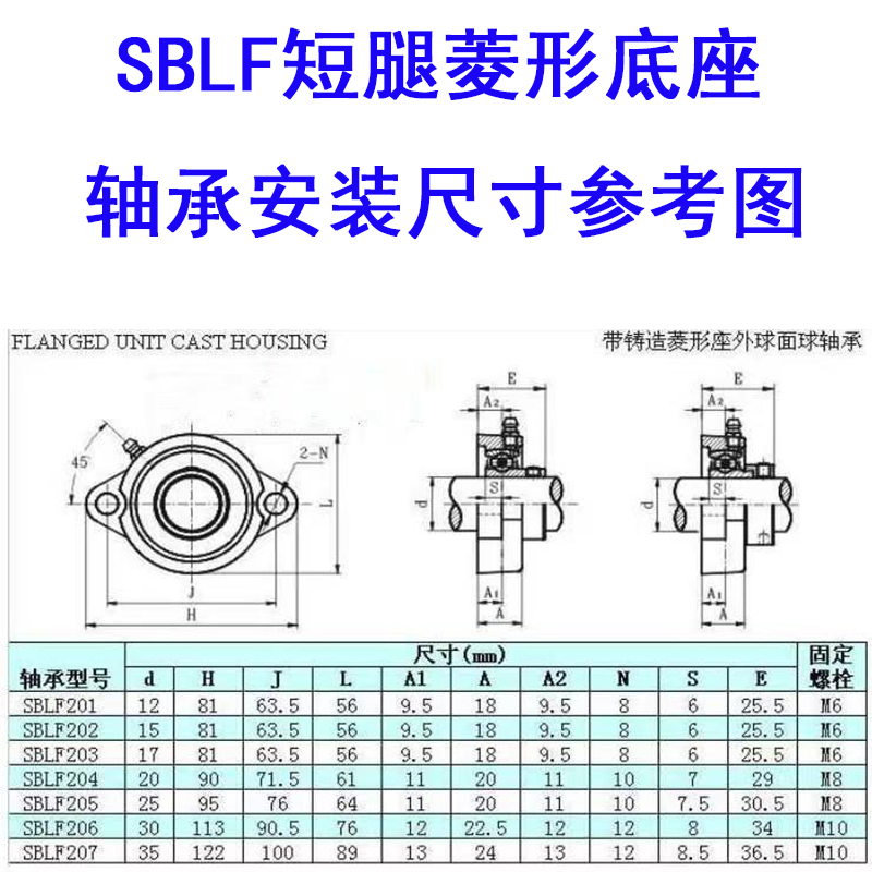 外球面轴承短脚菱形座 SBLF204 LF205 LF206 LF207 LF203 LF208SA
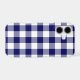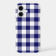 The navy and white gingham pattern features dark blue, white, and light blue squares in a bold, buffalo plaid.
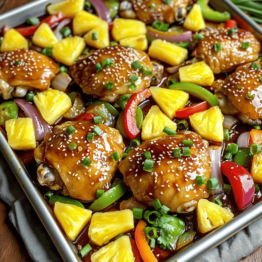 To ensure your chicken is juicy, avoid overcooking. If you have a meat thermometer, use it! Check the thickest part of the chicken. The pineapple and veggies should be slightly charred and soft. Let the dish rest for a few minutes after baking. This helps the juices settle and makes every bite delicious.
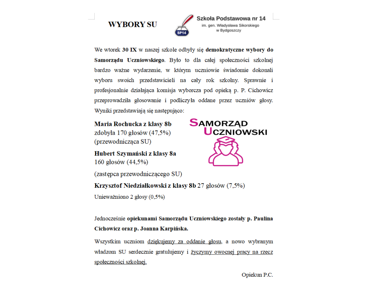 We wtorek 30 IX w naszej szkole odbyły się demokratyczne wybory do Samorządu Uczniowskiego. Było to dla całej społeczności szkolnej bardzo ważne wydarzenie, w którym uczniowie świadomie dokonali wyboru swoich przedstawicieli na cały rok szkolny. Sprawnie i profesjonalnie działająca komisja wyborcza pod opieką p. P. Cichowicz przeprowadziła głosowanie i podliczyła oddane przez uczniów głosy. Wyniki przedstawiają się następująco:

PROBLEM REQUIREMENTS
The lines from the one containing "To ensure your" up to and including the last line of the material above are to be given again exactly; any pictures are dropped.

EXERCISE RESULT
 To ensure your chicken is juicy, avoid overcooking. If you have a meat thermometer, use it! Check the thickest part of the chicken. The pineapple and veggies should be slightly charred and soft. Let the dish rest for a few minutes after baking. This helps the juices settle and makes every bite delicious.
 We wtorek 30 IX w naszej szkole odbyły się demokratyczne wybory do Samorządu Uczniowskiego. Było to dla całej społeczności szkolnej bardzo ważne wydarzenie, w którym uczniowie świadomie dokonali wyboru swoich przedstawicieli na cały rok szkolny. Sprawnie i profesjonalnie działająca komisja wyborcza pod opieką p. P. Cichowicz przeprowadziła głosowanie i podliczyła oddane przez uczniów głosy. Wyniki przedstawiają się następująco:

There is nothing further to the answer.